Patty fashion, gracias mil, grazie tante!
Perfecto. Ahora lo entiendo. Lo había buscado en Di Mauro pero no como palabra entera... Genial. Gracias otra vez


----------



## gatogab

readymade said:


> Podría ser, pero lo dudo porque es un elemento de ornamentación, por eso pregunto como se define en italiano, porque si lo comprendo es muy probable que encuentre a que corresponde  Gracias


 
Tutto tondo


> Por favor, busco el *equivalente* en castellano de un *altorrelieve* llamado *"tutto tondo".*


PD...Disculpa, pensé que querías saber de la técnica artística. En cambio necesitabas saber el significado de  'tutto tondo'


----------



## readymade

Gracias, no pasa nada   Mirá, pa expliucarte un poco el lío: como tondo es un altorrelieve circular, mi confusión venía de que en el texto se habla de tutto tondo y pensé que era justamente un tipo de ornamentación, una variante del tondo pero no tenía sentido porque hacía referencia a una enorme moldura rectangular. En fin, resulta que como me explicó Patty Fashion es un giro de lenguaje que significa, claro, que el bajorrelieve es como un todo independiente, exento.


----------



## gatogab

gatogab said:


> ¿Has abierto los link que te envié?


 


> Para esta obra introducirá la técnica de _tutto tondo_, concebida para que la obra pueda ser vista desde cualquier ángulo.


----------



## readymade

Sipi. Hecho.


----------



## Spiritoso78

Ciao,

?por qué no echàis un vistazo a AQUI'.?


----------



## gatogab

Spiritoso78 said:


> Ciao,
> 
> ?por qué no echàis un vistazo a AQUI'.?


 
¿ = alt+168


----------



## readymade

Spiritoso, 
justamente, cuando gatogab me dio el link, pasé de ahí al wiki en castellano y lo encontré, Es bulto redondo, si, aunque también puede decirse exenta.
Muchas gracias.


----------



## saadia

Buenos días,

continuando con la busqueda del significado de la frase italiana "a tutto tondo" en español. Independientemente del significado que me parece esta en discusión en este forum, yo tenia otra interpretación de este término. Por ejempplo en el texto siguiente donde Villagio hablaa de De Andre: _"..... tutti si sono accorti che non era uno strimpellatore, ma un vero cantautore, un autentico poeta a tutto tondo"
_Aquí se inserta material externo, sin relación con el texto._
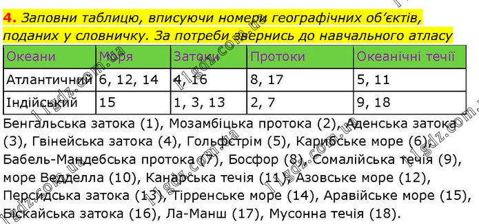 Заповни таблицю, вписуючи номери географічних об’єктів, поданих у словничку. За потреби звернись до навчального атласу Океани Моря Затоки Протоки Океанічні течії Атлантичний 6, 12, 14 4, 16 8, 17 5, 11 Індійський 15 1, 3, 13 2, 7 9, 18 Бенгальська затока (1), Мозамбіцька протока (2), Аденська затока (3), Гвінейська затока (4), Гольфстрім (5), Карибське море (6), Бабель-Мандебська протока (7), Босфор (8), Сомалійська течія (9), море Ведделла (10), Канарська течія (11), Азовське море (12), Персидська затока (13), Тірренське море (14), Аравійське море (15), Біскайська затока (16), Ла-Манш (17), Мусонна течія (18).

_Yo lo traduciria en español: ".... _todos se dieron cuenta que no era un aporreador, sino un verdadero cantautor, un auténtico poeta por donde se lo mire"


_Espero algun comentario al respecto,

Gracias
Saadia


----------



## 0scar

Sí, "..por donde se lo mire", o "...en toda su dimensión", o "...de pies a cabeza"


----------



## saadia

0scar said:


> Sí, "..por donde se lo mire", o "...en toda su dimensión", o "...de pies a cabeza"




Gracias Oscar, comparto tus sugerencias. También podría ser: "...por los cuatro costados"

Saludos,
Saadia


----------